Though Edward Drinker Cope had originally recognized Elasmosaurus as a plesiosaur, in an 1869 paper he placed it, with Cimoliasaurus and Crymocetus, in a new order of sauropterygian reptiles. He named the group Streptosauria, or "reversed lizards", due to the orientation of their individual vertebrae supposedly being reversed compared to what is seen in other vertebrate animals. He subsequently abandoned this idea in his 1869 description of Elasmosaurus, where he stated he had based it on Joseph Leidy's erroneous interpretation of Cimoliasaurus. In this paper, he also named the new family Elasmosauridae, containing Elasmosaurus and Cimoliasaurus, without comment.
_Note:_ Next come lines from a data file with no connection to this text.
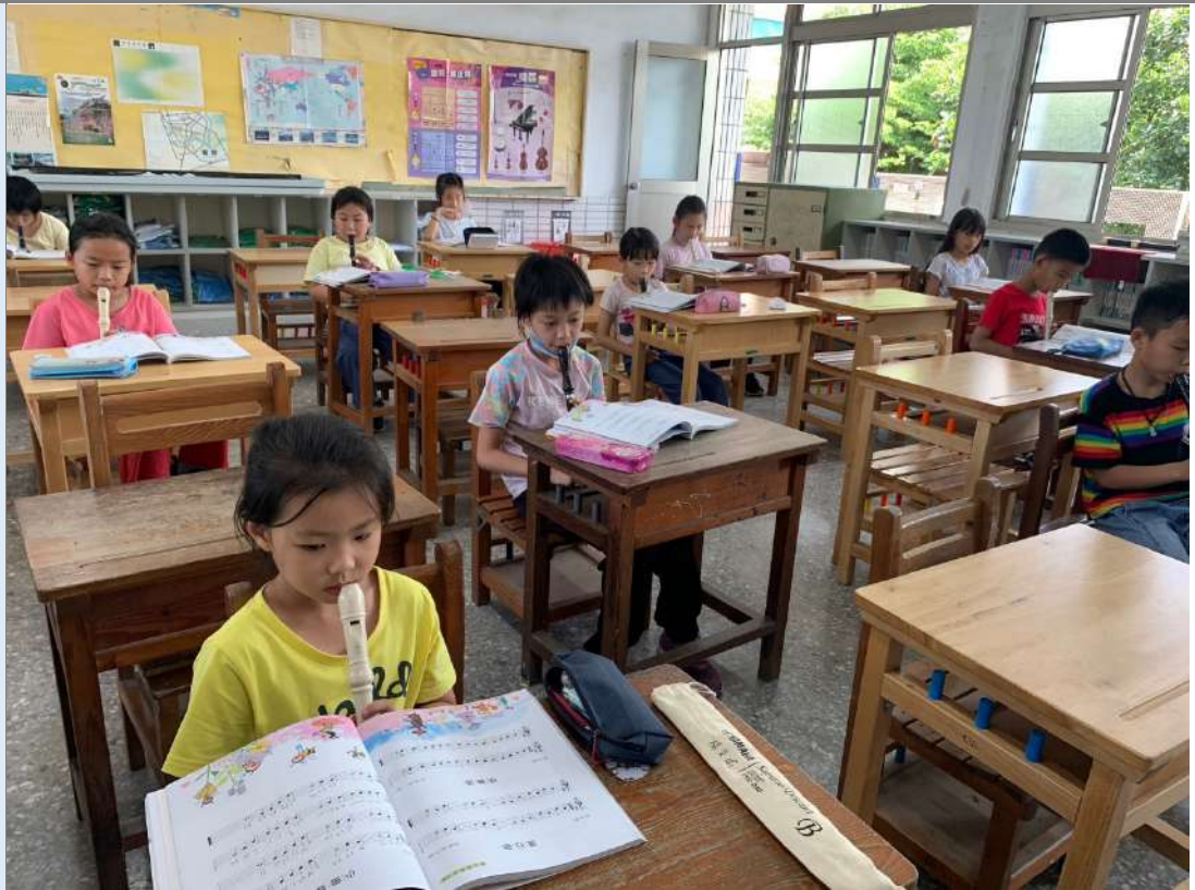
▲音樂課時，練習使用直笛吹奏小蜜蜂。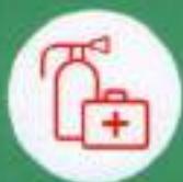
Огнетушитель и аптечка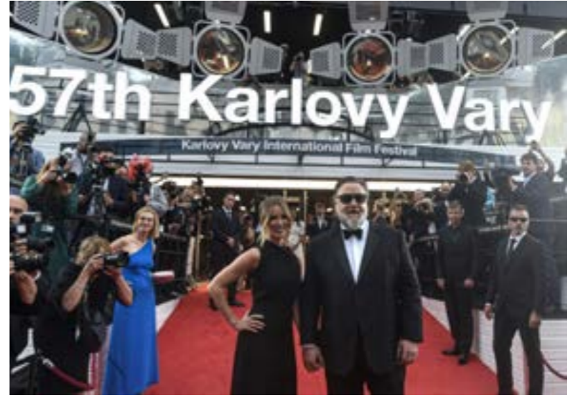
• راسل كرو وشريكة حياته بريتن تيريو في ختام مهرجان كارلوفي فاري 8 يوليو 2023

Within this family, he considered the former to be distinguished by a longer neck with compressed vertebrae, and the latter by a shorter neck with square, depressed vertebrae.

In subsequent years, Elasmosauridae came to be one of three groups in which plesiosaurs were classified, the others being the Pliosauridae and Plesiosauridae (sometimes merged into one group). In 1874 Harry Seeley took issue with Cope's identification of clavicles in the shoulder girdle of Elasmosaurus, asserting that the supposed clavicles were actually scapulae. He found no evidence of a clavicle or an interclavicle in the shoulder girdle of Elasmosaurus; he noted that the absence of the latter bone was also seen in a number of other plesiosaur specimens, which he named as new elasmosaurid genera: Eretmosaurus, Colymbosaurus, and Muraenosaurus. Richard Lydekker subsequently proposed that Elasmosaurus, Polycotylus, Colymbosaurus, and Muraenosaurus could not be distinguished from Cimoliasaurus based on their shoulder girdles, and advocated their synonymization at the genus level.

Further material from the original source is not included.